We therefore standardized observations through scaling relative to a locally representative average. Such scaling has been applied by different authors using aggregates like annual precipitation (cf. [26]). Aggregates, however, only loosely approximate the actual probability (viz. extremeness) of a rain event; the probability of a downpour does not decline linearly with its deviation from average. Instead, we used the long-term empirical probability at the particular km². For instance, an extreme rainfall volume of 0.8 tops 80% of all volumes observed from 1961 to 2010 at that particular location (km²); a rain duration of 0.1 is very common (exceeded by 90% of the 50-year rainfall record for that spot). Scaling resulted in congruent patterns, regardless of dataset (province). Moreover, the standardized VD-curves turned out to be linear in the area where standard and slide-critical combinations of V and D diverge (Figure 10). This means that any threshold for critical rainfall should be found along this line, and the divide between standard and critical events can conveniently be fitted as a linear discriminant function of V and D. The critical value is then a linear combination of local probabilities of V and D. As such, it could easily be used in further models or retransformed into absolute values, e.g., as a simple precipitation hazard nomograph for handout (see below).
Describing rainfall in terms of local meteorological probability, viz. extremeness, revealed a similar ID-pattern across datasets (=provinces, precipitation regimen, etc.). Descriptors thus became instrumental once they were scaled relative to local precipitation regimen. This also suggests that, over decennia, and modulated by both large-scale influences (geology, altitude) and mesoscale intricacies (from soil hydraulics to vegetation interception and root stabilization), current landscape and its “slideable” mass reservoirs have equilibrated with precipitation to the extent where only locally extreme rain events give rise to significant mass movement.
Transforming from absolute values to local probabilities revealed the following corresponding patterns across datasets (Figure 10).
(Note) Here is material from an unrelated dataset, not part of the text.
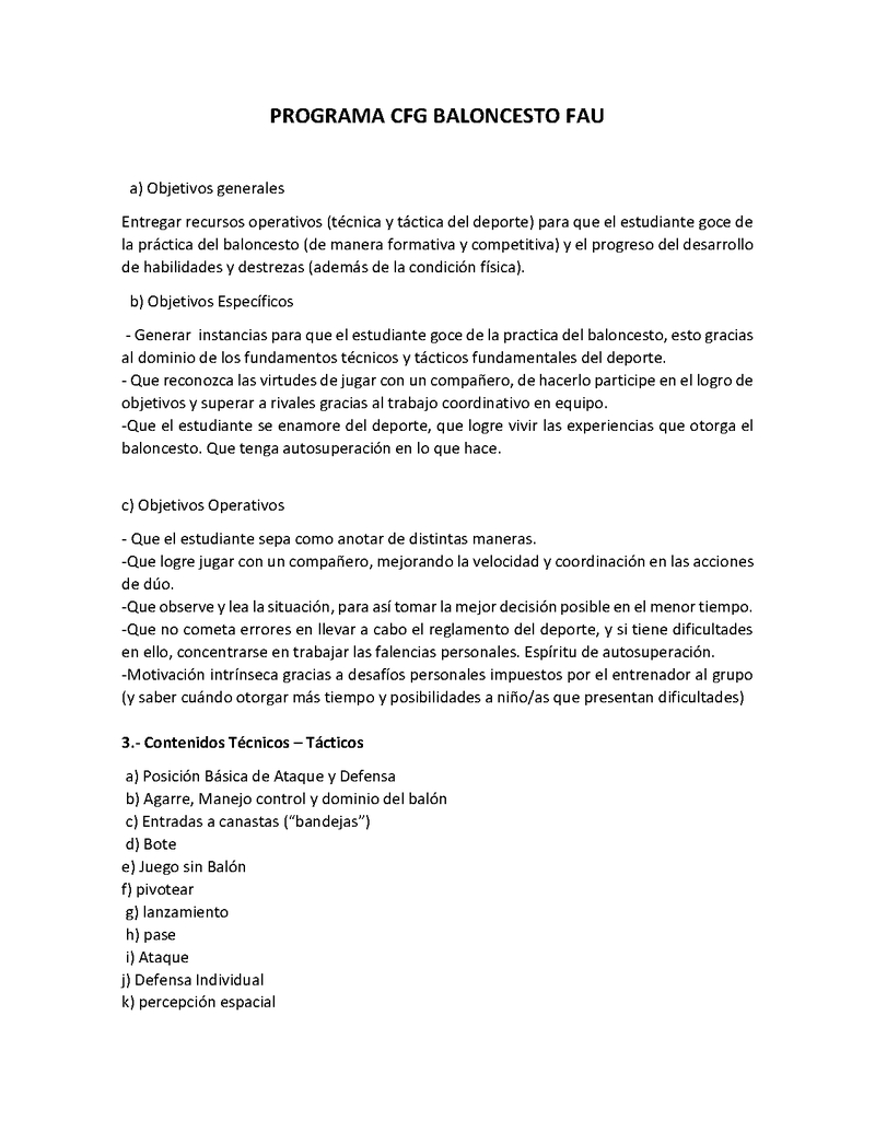 | Descripción | PROGRAMA CFG BALONCESTO FAU a) Objetivos generales Entregar recursos operativos (técnica y táctica del deporte) para que el estudiante goce de la práctica del baloncesto (de manera formativa y competitiva) y el progreso del desarrollo de habilidades y destrezas (además de la condición física). b) Objetivos Específicos - Generar instancias para que el estudiante goce de la practica del baloncesto, esto gracias al dominio de los fundamentos técnicos y tácticos fundamentales del deporte. - Que reconozca las virtudes de jugar con un compañero, de hacerlo participe en el logro de objetivos y superar a rivales gracias al trabajo coordinativo en equipo. -Que el estudiante se enamore del deporte, que logre vivir las experiencias que otorga el baloncesto. Que tenga autosuperación en lo que hace. c) Objetivos Operativos - Que el estudiante sepa como anotar de distintas maneras. -Que logre jugar con un compañero, mejorando la velocidad y coordinación en las acciones de dúo. -Que observe y lea la situación, para así tomar la mejor decisión posible en el menor tiempo. -Que no cometa errores en llevar a cabo el reglamento del deporte, y si tiene dificultades en ello, concentrarse en trabajar las falencias personales. Espíritu de autosuperación. -Motivación intrínseca gracias a desafíos personales impuestos por el entrenador al grupo (y saber cuándo otorgar más tiempo y posibilidades a niño/as que presentan dificultades) 3.- Contenidos Técnicos – Tácticos a) Posición Básica de Ataque y Defensa b) Agarre, Manejo control y dominio del balón c) Entradas a canastas (“bandejas”) d) Bote e) Juego sin Balón f) pivotear g) lanzamiento h) pase i) Ataque j) Defensa Individual k) percepción espacial 4.- metodología: Cada contenido técnico-táctico tendrá su juego adaptado que desarrolle dicho fundamento. El entrenador realizará diversos estímulos relámpago para una rápida adaptación y concentración del estudiante a diversos problemas que se presentan en la práctica deportiva. Se realizará de lo simple a lo complejo, demostrándole al grupo que todos pueden realizarlo. Todos realizan todo, aun no hay especialización en los roles deportivos. 5.- Evaluaciones : a) Lanzamiento y Bandeja b) pick ´n´ roll (en ataque y defensa) c) fundamento táctico ofensivo (5 abiertos) d) asistencia e) asistir al entrenamiento de la selección (opcional y/o recuperativa) |

Again, datasets “V” and “B” deviate from the general pattern, as these are the subsets of temporal sparse observations
  • The longer and richer (by V) a rain event, the higher the probability that it will be followed by a slide;
  • Standard and critical rains do not differ in their characteristic VD-combinations, but critical rains exceed both standard D and V;
  • An extraordinarily long-lasting rain period (high D) is more distinctive for critical rainfall than an unusually large precipitation volume;
  • Slide probability increases faster with duration than with volume of the preceding rain;
  • Standard rains hardly exceed a duration of 0.75 (local probability) and a volume of 0.25.
Figure 11 illustrates that the above linear combination of D and V has more discriminative value to discern between locally normal and critical rainfalls than either parameter alone. However, the transition is gradual and does not show a sudden variation that would qualify as a threshold. Instead, a threshold would have to be set at an arbitrary cumulative density of critical rainfalls deemed a limit for acceptable risk.
Reverting relative (by probability) V and D into absolute values based on long-term observations yielded per-km² nomographs, which give the local stakeholder an estimate of how far a particular rainfall already has developed into what is critical for the region in question (Figure 12).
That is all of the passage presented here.